TASK INSTRUCTIONS: Only the stretch below from the line holding "进入鱼耳app后点击底部【我的】进入个人中心界面中点击【我的小窝】" through the line holding "이번 사연 모집은 시" should be restated, word for word and with both ends included; pictures stay out.

MATERIAL SHOWN:
*** Block opens ***

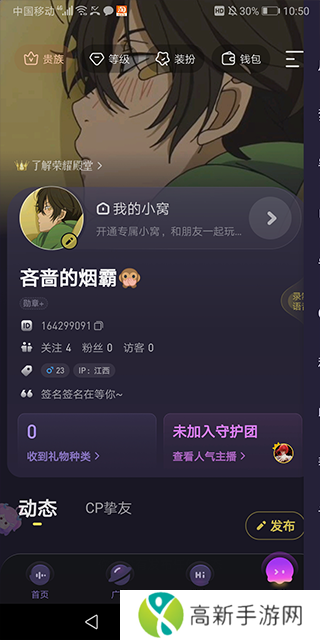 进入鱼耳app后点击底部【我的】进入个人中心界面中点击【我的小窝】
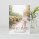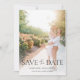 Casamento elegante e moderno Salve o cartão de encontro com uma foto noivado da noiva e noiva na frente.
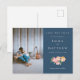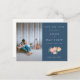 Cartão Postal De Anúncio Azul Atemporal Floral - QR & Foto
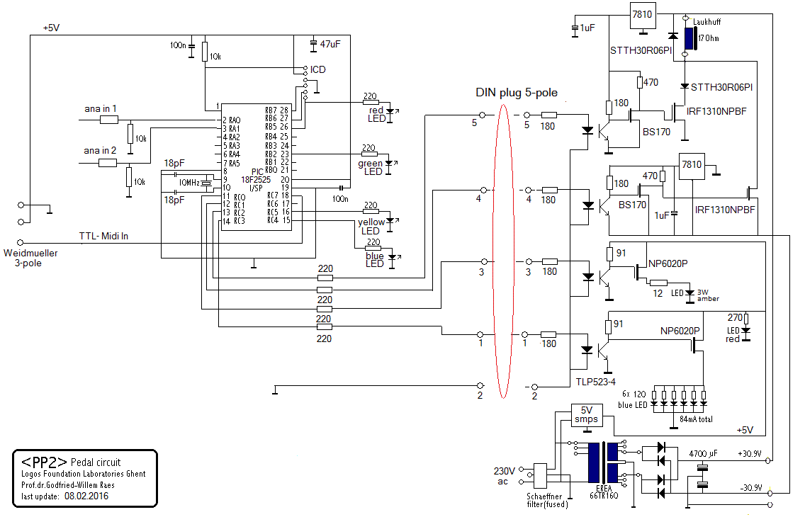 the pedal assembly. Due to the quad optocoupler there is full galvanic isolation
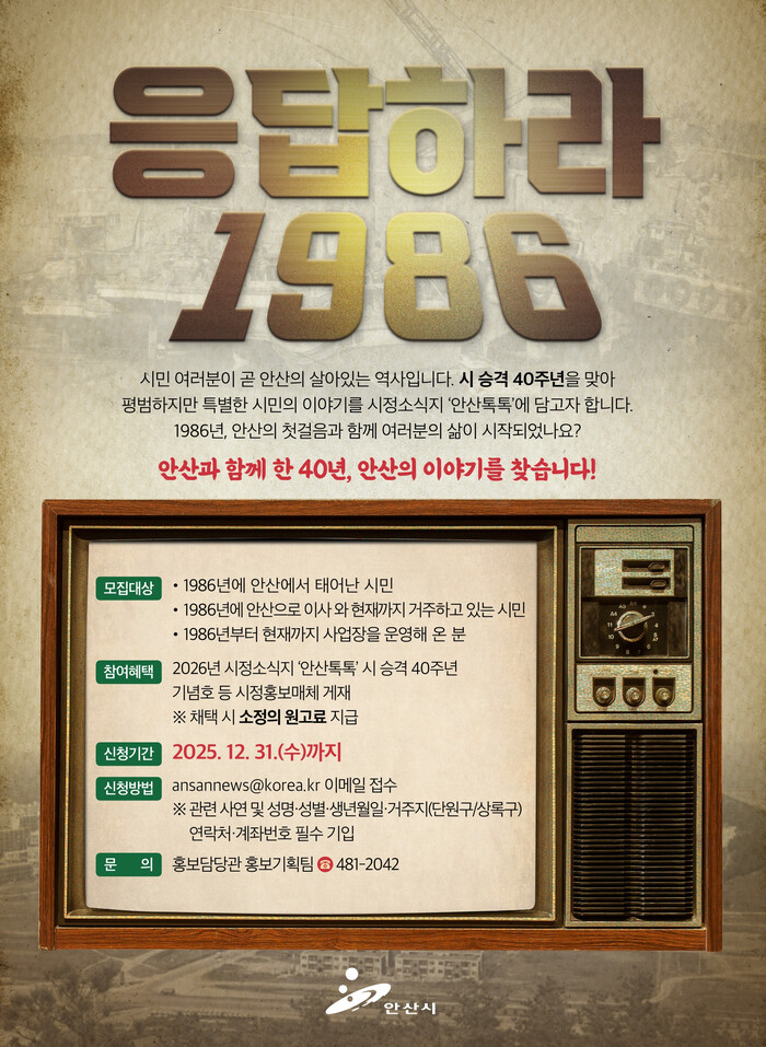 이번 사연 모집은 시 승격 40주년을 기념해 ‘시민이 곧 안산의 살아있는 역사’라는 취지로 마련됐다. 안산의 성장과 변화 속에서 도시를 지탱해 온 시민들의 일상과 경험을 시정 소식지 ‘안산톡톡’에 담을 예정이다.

*** Block closes ***
*** Block opens ***

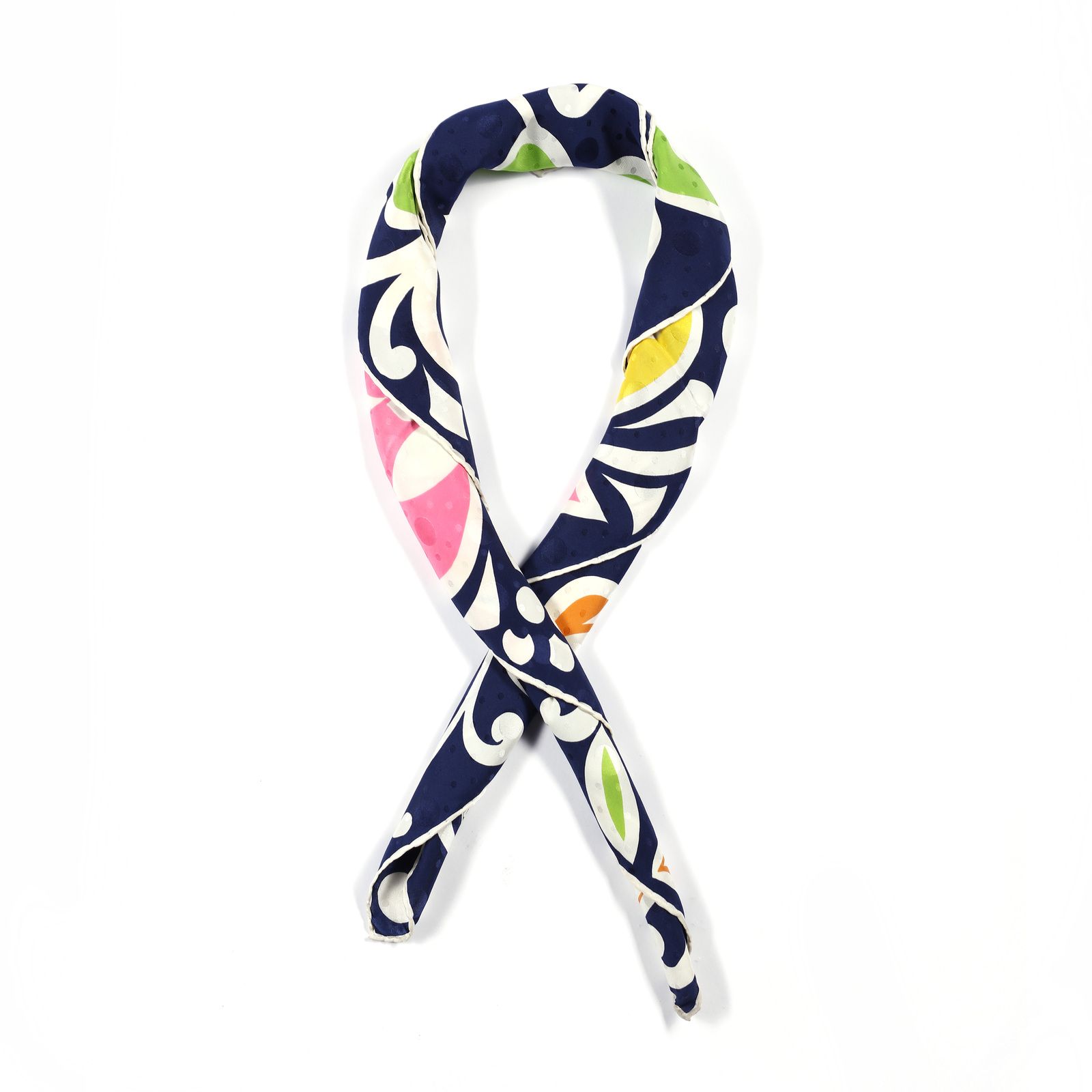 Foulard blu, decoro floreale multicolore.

*** Block closes ***

ANSWER TO THE EXERCISE:
 进入鱼耳app后点击底部【我的】进入个人中心界面中点击【我的小窝】
 Casamento elegante e moderno Salve o cartão de encontro com uma foto noivado da noiva e noiva na frente.
 Cartão Postal De Anúncio Azul Atemporal Floral - QR & Foto
 the pedal assembly. Due to the quad optocoupler there is full galvanic isolation
 이번 사연 모집은 시 승격 40주년을 기념해 ‘시민이 곧 안산의 살아있는 역사’라는 취지로 마련됐다. 안산의 성장과 변화 속에서 도시를 지탱해 온 시민들의 일상과 경험을 시정 소식지 ‘안산톡톡’에 담을 예정이다.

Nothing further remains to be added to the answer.